Why I Fell In Love WIth Farming

I’ll tell you why I fell in love with farming. This may allow for a list of about 150 items, but I’ll give it a shot and see how far this goes.

Driving tractors

One of my first jobs on a farm was to drag a set of harrows over a plowed field. There I was, sitting up on spring-loaded perch, making big engine noise, raising dust and bouncing across the field. Big time fun.


Concerned cows

The cows all looked like they were concerned about something. I figured out later, it was the cud they were chewing. It made them all look like state senators, always about to say something but never getting to the point.

Cat Nicknames

There were a dozen or more semi-domestic cats in the barn and they all had nicknames. There was Cosmic Kitty, Bird Catcher, Crab Head, Zoltar, Norbert, Hank, Snuff, Don’t Touch and Pajamas. That was just the ones I remember.

Puddle Nicknames

We named the puddles in the driveway, too. Lake Wannabe. Lake Failure. Lake Turner (I worked for the Turners.)

Early morning walks

The cows spent summer nights in a 47-acre back yard, trying to stay cool and happy.
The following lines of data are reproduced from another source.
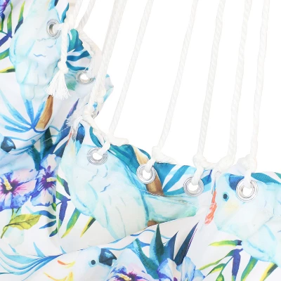 Relax and unwind by resting in this comfortable hanging hammock swing chair on the patio, deck, garden, or other living space. This hammock features fun and colorful fan palm designs for added cool, tropical style to your space. The durable polyester cover with a polypropylene fiber filling seat provides comfort and support while the material remains resistant to the elements outdoors. The padded cushion will support you as you sit back with ease, and the wooden spreader bar makes this chair versatile and stylish. The lightweight design allows you to take this hammock swing chair everywhere you go. Hang this hammock swing chair outdoors to enjoy some relaxation after a long day or hang this hammock chair indoors on any ceiling hook for a fun indoor sitting space. A quick set up allows you to spend time with loved ones outside or enjoy some quiet reading time. No matter where you hang it, this hammock swinging chair allows you to relax comfortably. Please note, a stand is not included with purchase.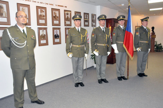 Praporčík Tomáš Vitamvás s čestnou jednotkou před zahájením slavnostního nástupu na GŠ AČR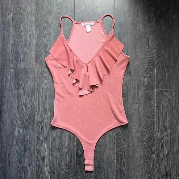 This pink bodysuit features a charming ruffled V-neckline that adds a romantic touch to its sleek design. Made from a soft, stretchy material, it offers comfort and style, making it perfect for both casual and dressy occasions.
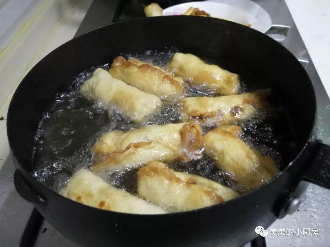 10,煎锅里放半锅油,放入包好的春卷,一锅炸八九个左右。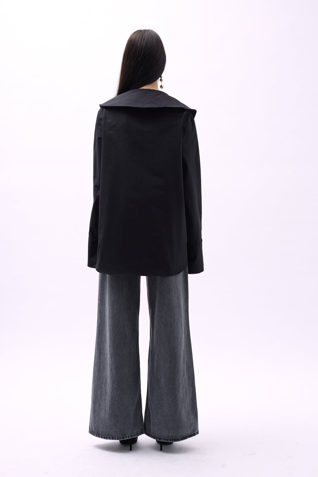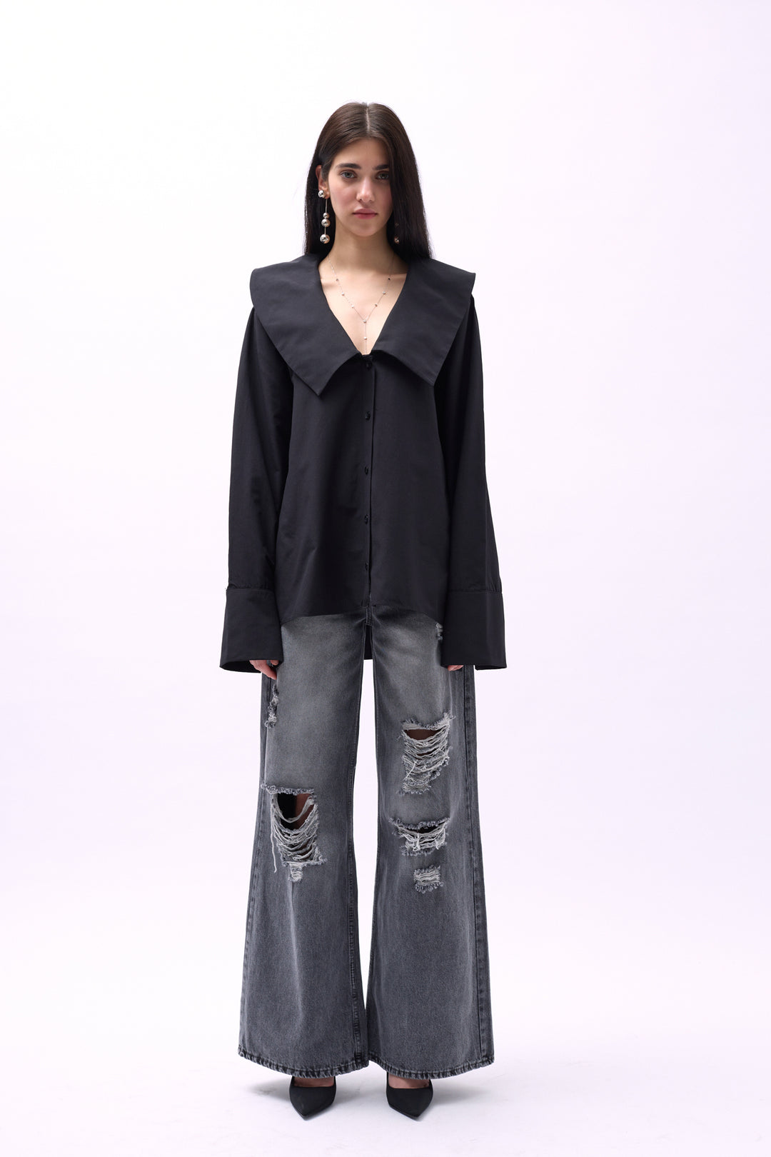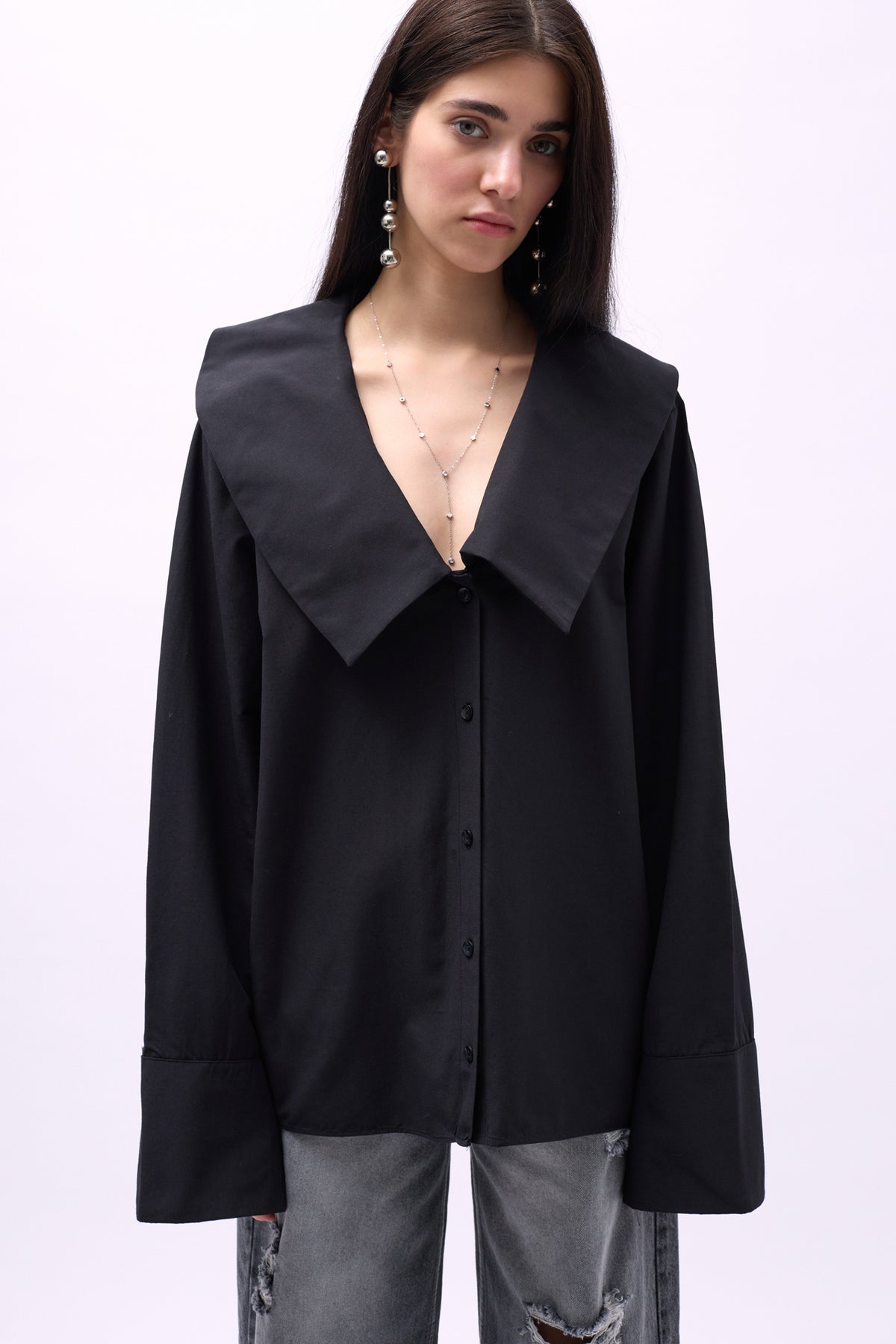 Büyük Yakalı, Düğmeli Ve Manşetli, Poplin Gömlek

That meant the first chore in the morning was to put on rubber boots to avoid drowning in dew and hiking to the back of the pasture and calling for 60 cows or so, then walking them up the gate, across the road and into the barn, all the way up to individual stanchions.
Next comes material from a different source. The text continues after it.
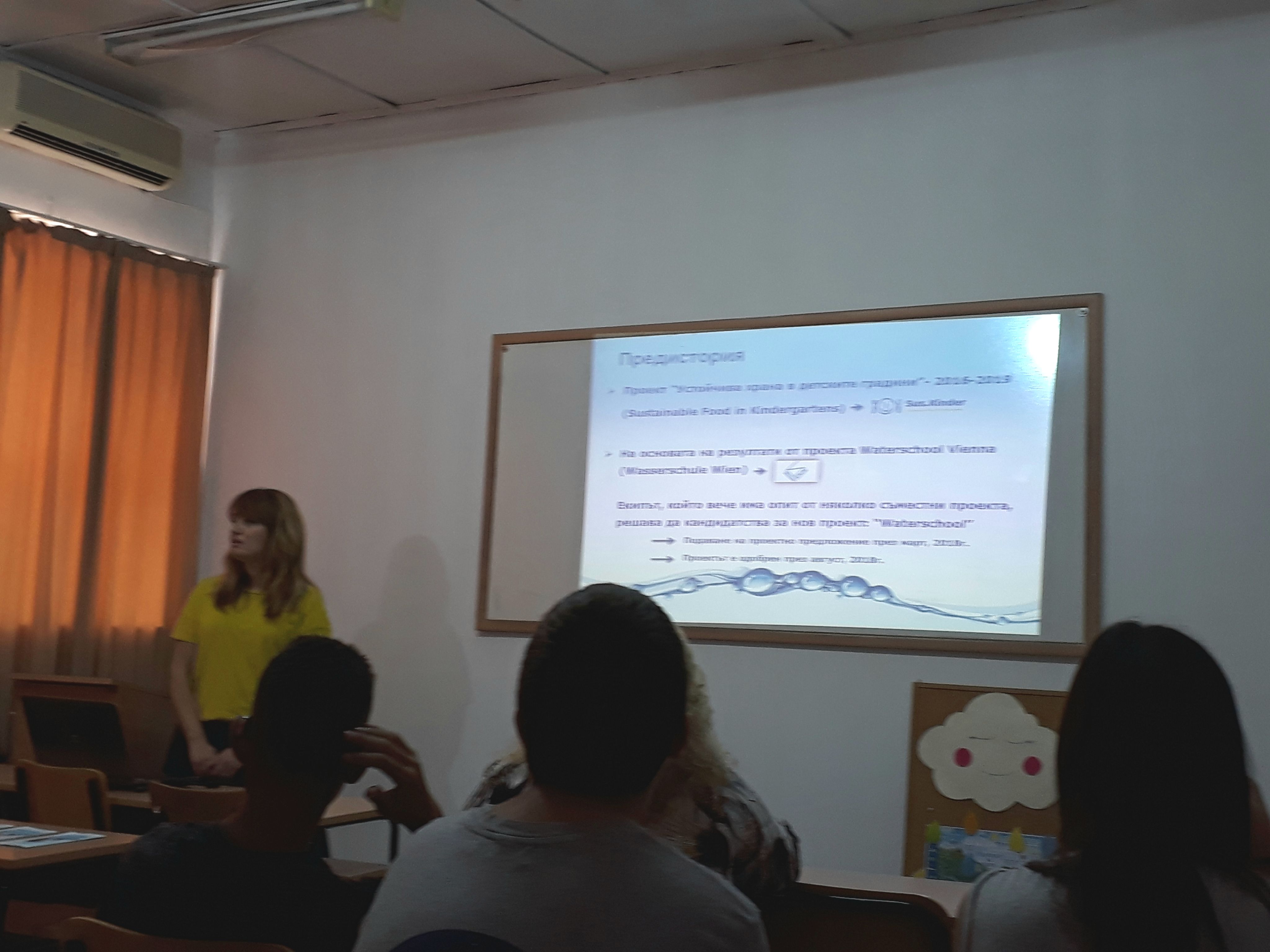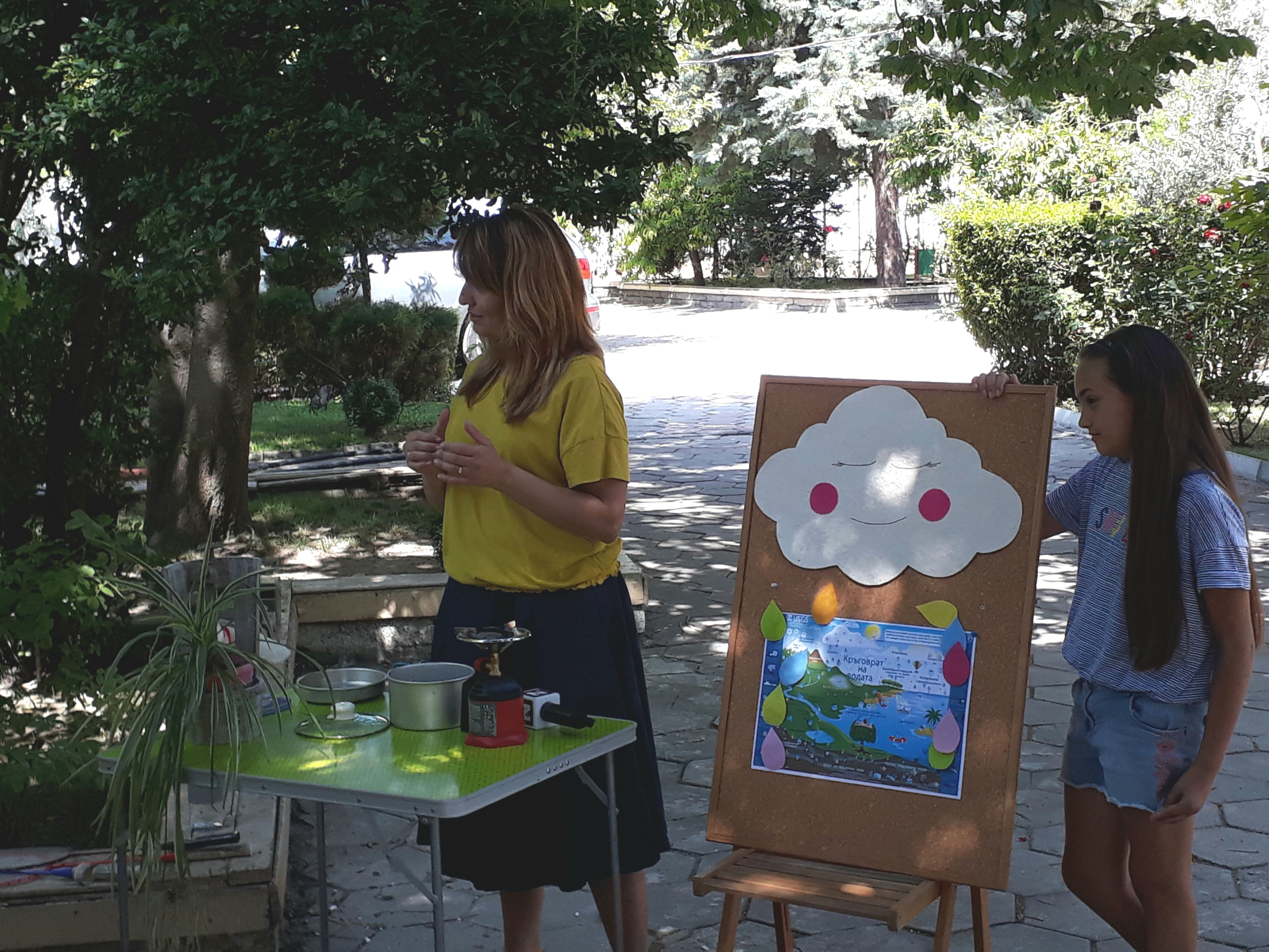 В рамките на третата партньорска среща бе проведен открит урок с учениците от ЧСБУ "Талантите". Децата научиха как се образуват облаците, разбраха, че растенията също се "потят" и защо е важно да пием поне по литър вода на ден. Децата учстваха активно по темата за кръговрата на водата и демонстрираха интерес и трайни знания.

Even when it rained, I enjoyed the walk because farmers ignore the weather if they have to. Can’t do much about it and it doesn’t help to complain about something out of your control.

Fresh milk in Aluminum Containers

Open the tap to the bulk tank and fill up with a 2-quart jug of milk, fresh and cold. Back in those days, we didn’t care much about cholesterol. Probably didn’t know what it was.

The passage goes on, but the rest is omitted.